##### SUPPLIED ENTRIES #####
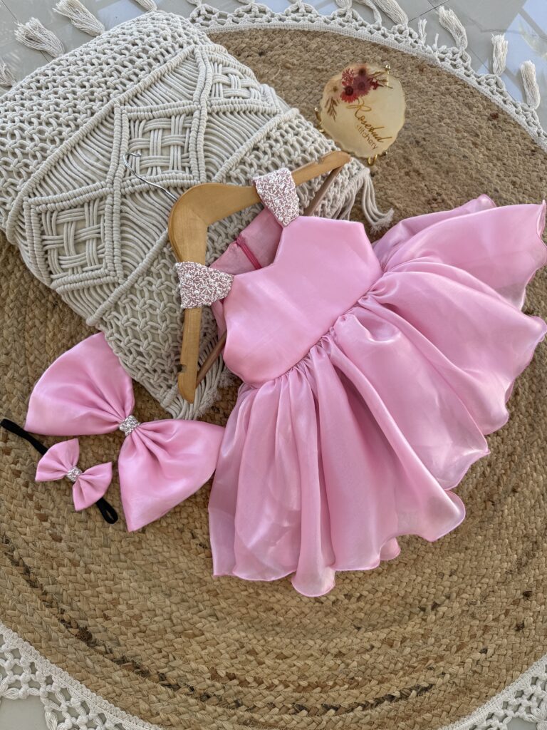 Light pink – white sparkled organza frock
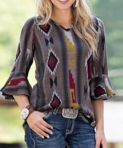 Leopard Patchwork V Neck Loose Fit Shirts&Tops
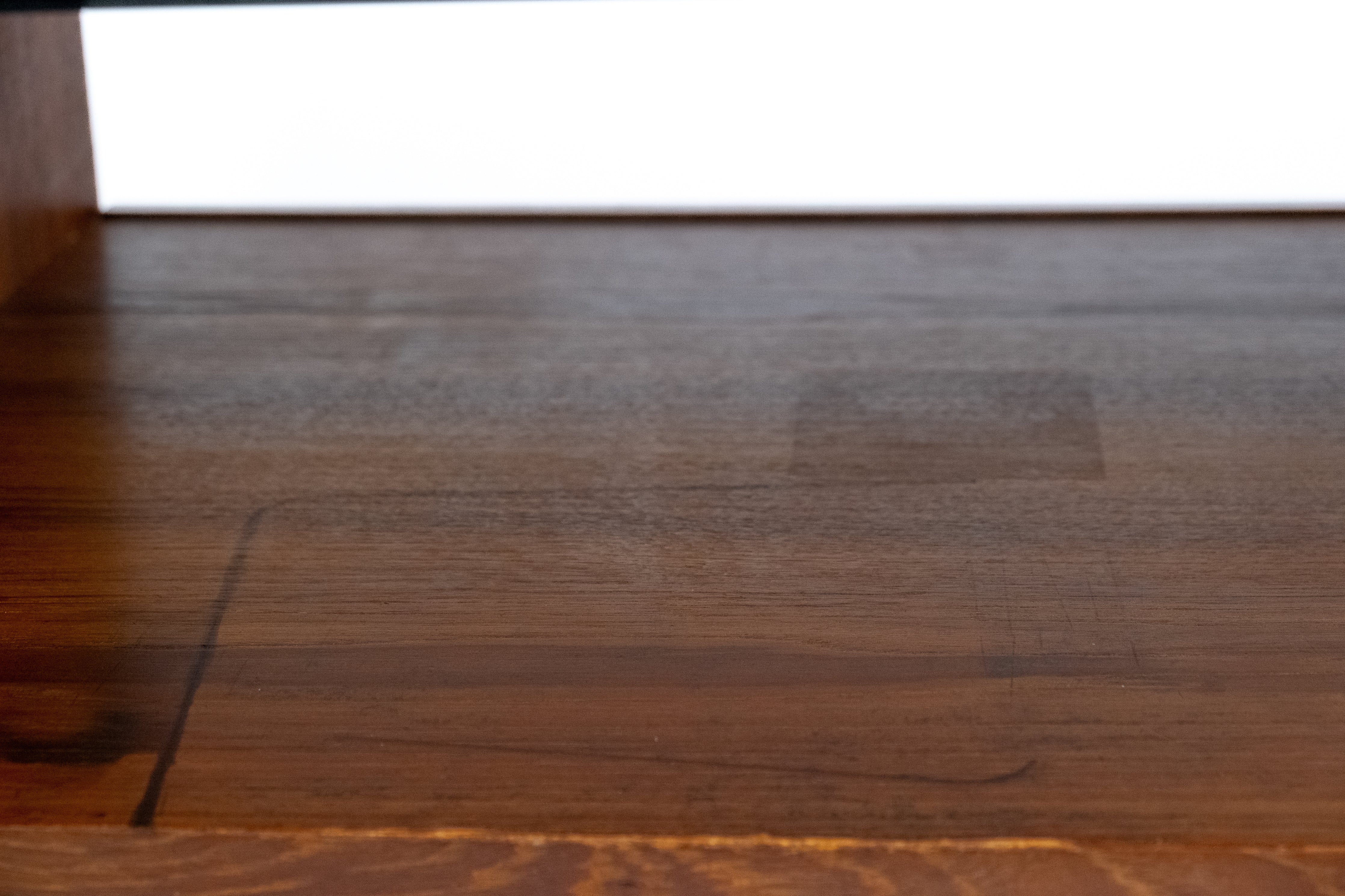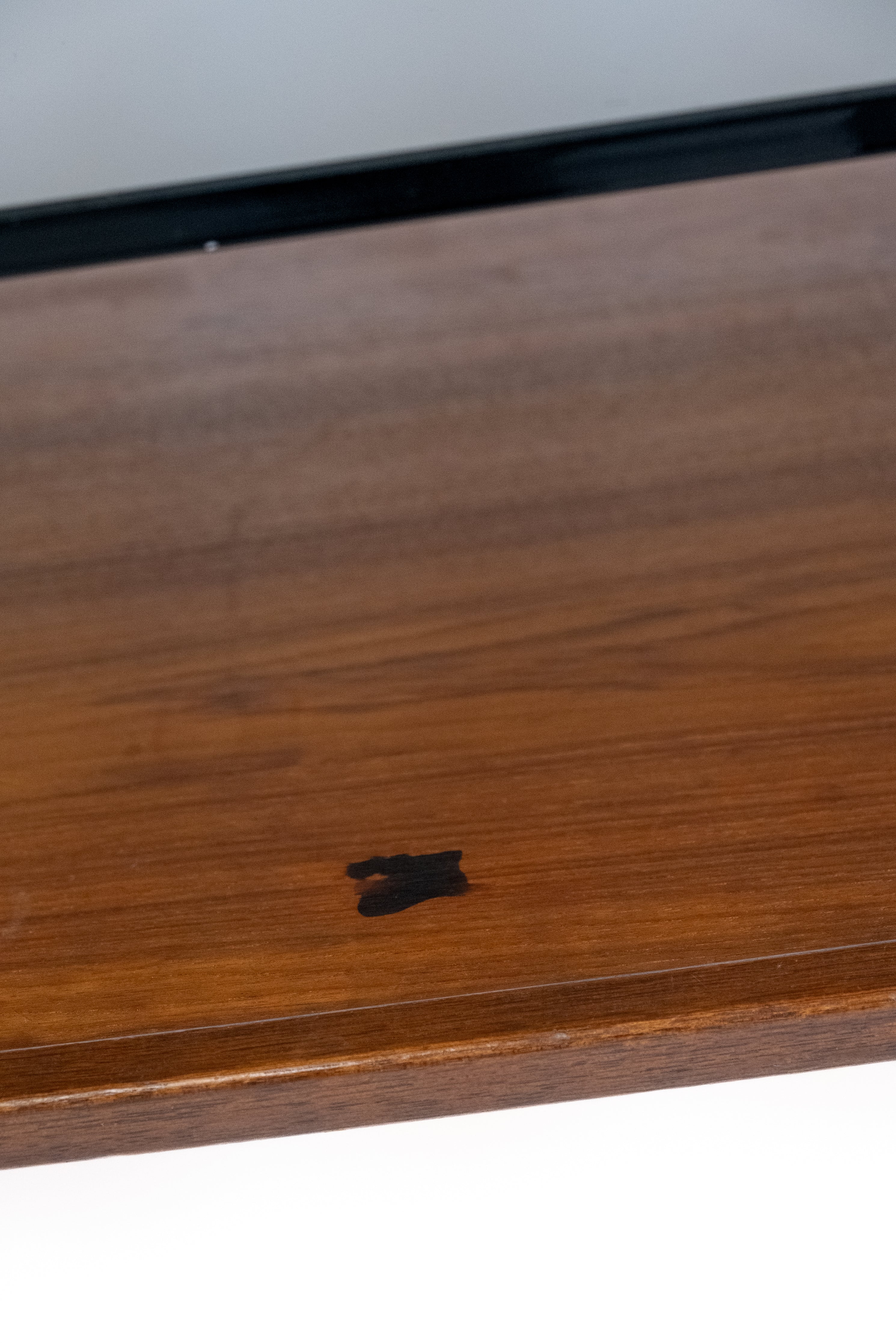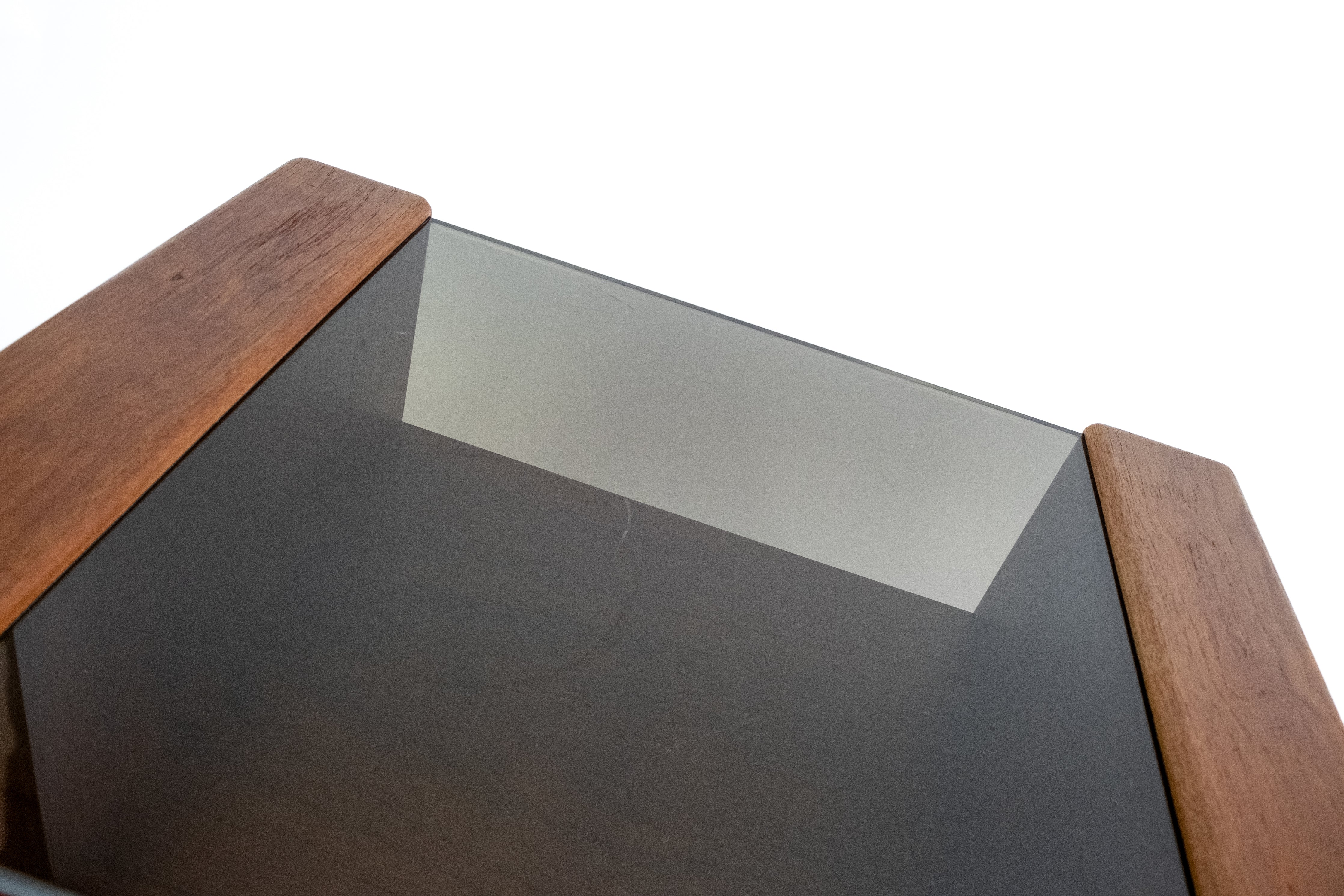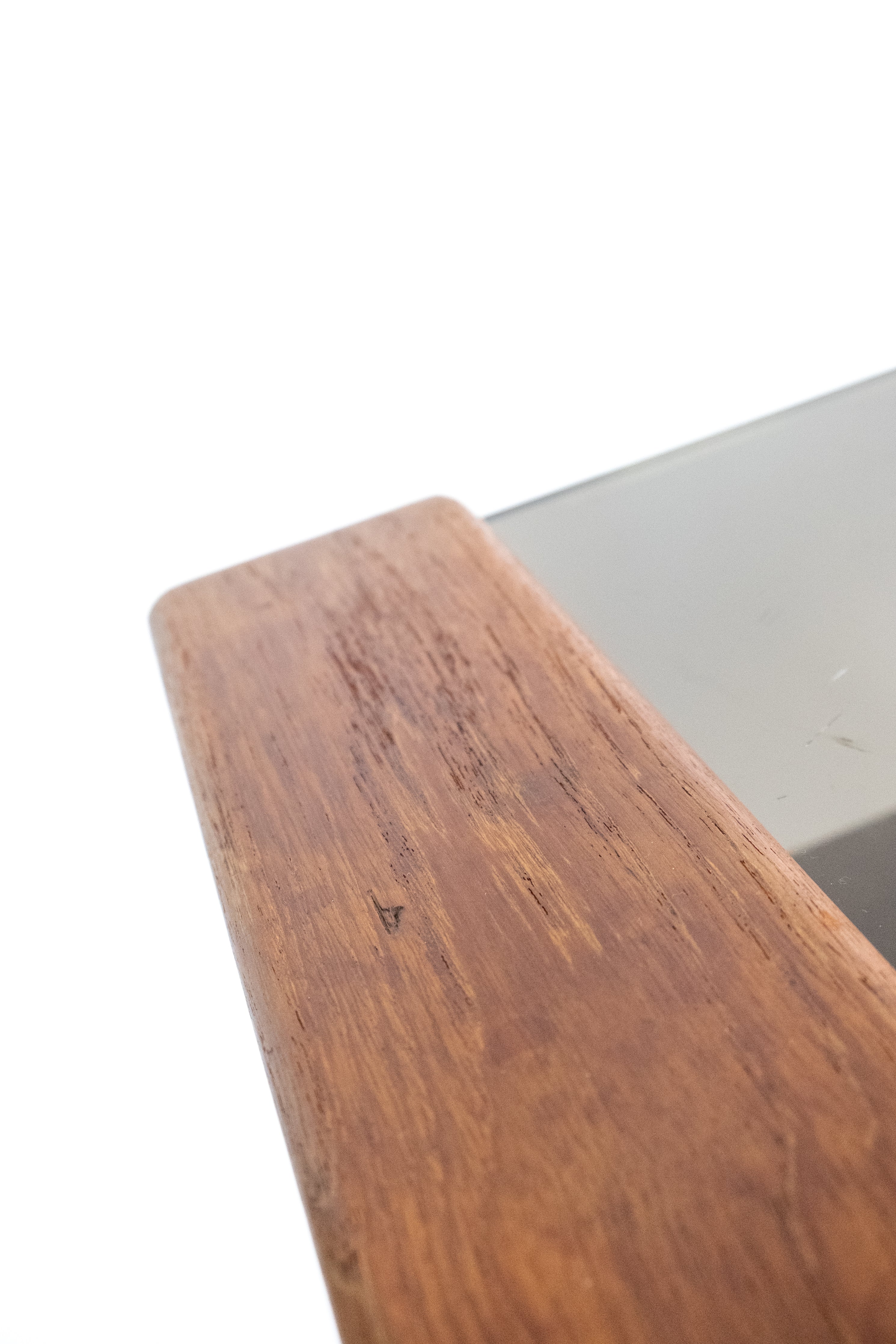 Condition: Small table: Scratches on the glass and some scratches on the wooden side. Large table: 2 small chips on the glass, dark stain and streaks on the wooden top, and an additional strip on one side of the wooden top.
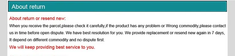 2. Если товар неисправен, пожалуйста, сообщите нам в течение 3 дней с момента доставки.
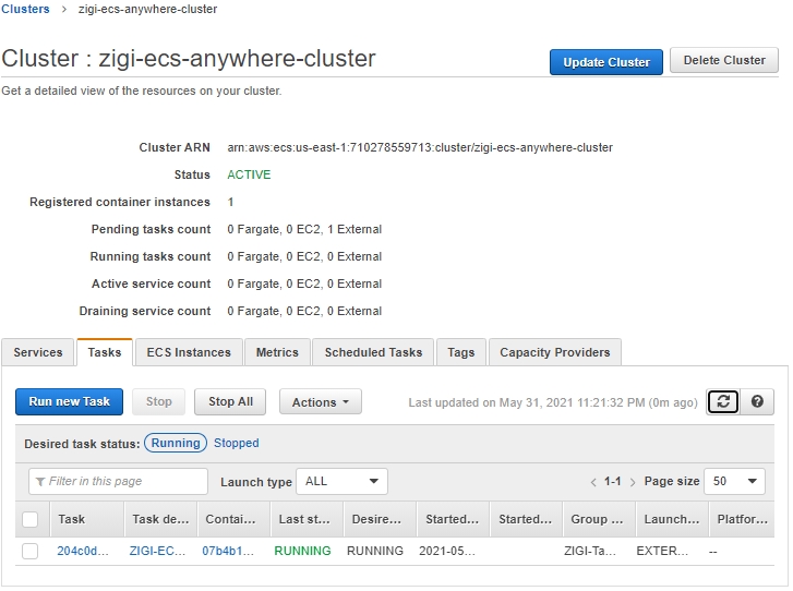 그리고 외부 인스턴스를 등록한 ECS 클러스터(zigi-ecs-anywhere-cluster)를 선택합니다.
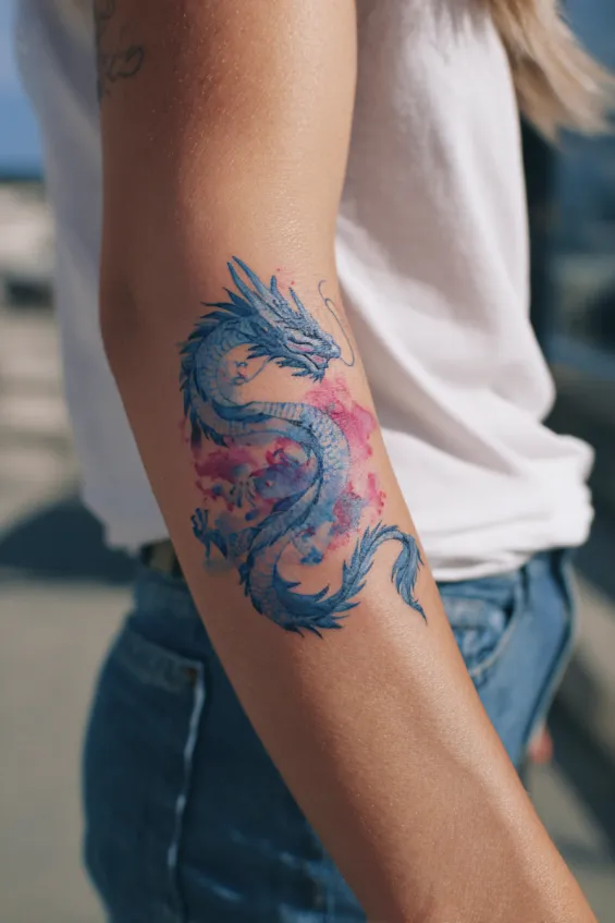 I adore how playful and fearless this one looks. It feels like creative energy brought to life on skin. For me, a watercolor dragon like this represents strength that is emotional and intuitive, not rigid or harsh. It is bold in its own beautifully artistic way.
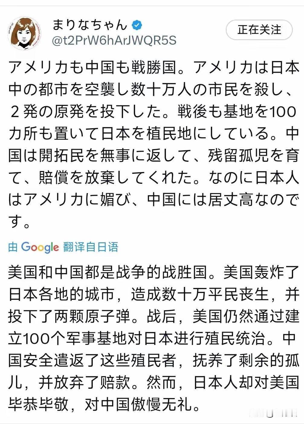 部分明事理的日本人已经觉醒了。有日本人写道,中美两国都是二战战胜国,美国在日本投了两颗原子弹,对日本进行殖民统治。中国遣返了所有的殖民者,并且抚养了日本在华的遗留孤儿,并放弃了赔款。那个日本人却对美国毕恭毕敬,对中国人却傲慢无礼。 这究竟是因为什么原因?对日本如此之好,他们居然如此的傲慢无礼,而美国对日本如此的残忍的殖民统治,他们却能对美国人毕恭毕敬,这是日本人的性格使然,对强者俞强,对弱者更加的傲慢,因为在他们的意识当中,日本是因为美国而战败,而不是被中国战败,所以他们对于强者美国是仰起脖子仰望,而对中国并不服。所以他们才会出现如此截然相反的态度,他们并不会因为你对他好,就对你毕恭毕敬,你只有比他们强,只有把他们制服了,他们才会对你毕恭毕敬,而且会认为是理所当然。
#####
WHAT YOU SHOULD DO: Reproduce the opening lines of the material above exactly, ending with the line that contains "Condition: Small table: Scratches". Omit every picture.

TASK ANSWER:
 Light pink – white sparkled organza frock
 Leopard Patchwork V Neck Loose Fit Shirts&Tops
 Condition: Small table: Scratches on the glass and some scratches on the wooden side. Large table: 2 small chips on the glass, dark stain and streaks on the wooden top, and an additional strip on one side of the wooden top.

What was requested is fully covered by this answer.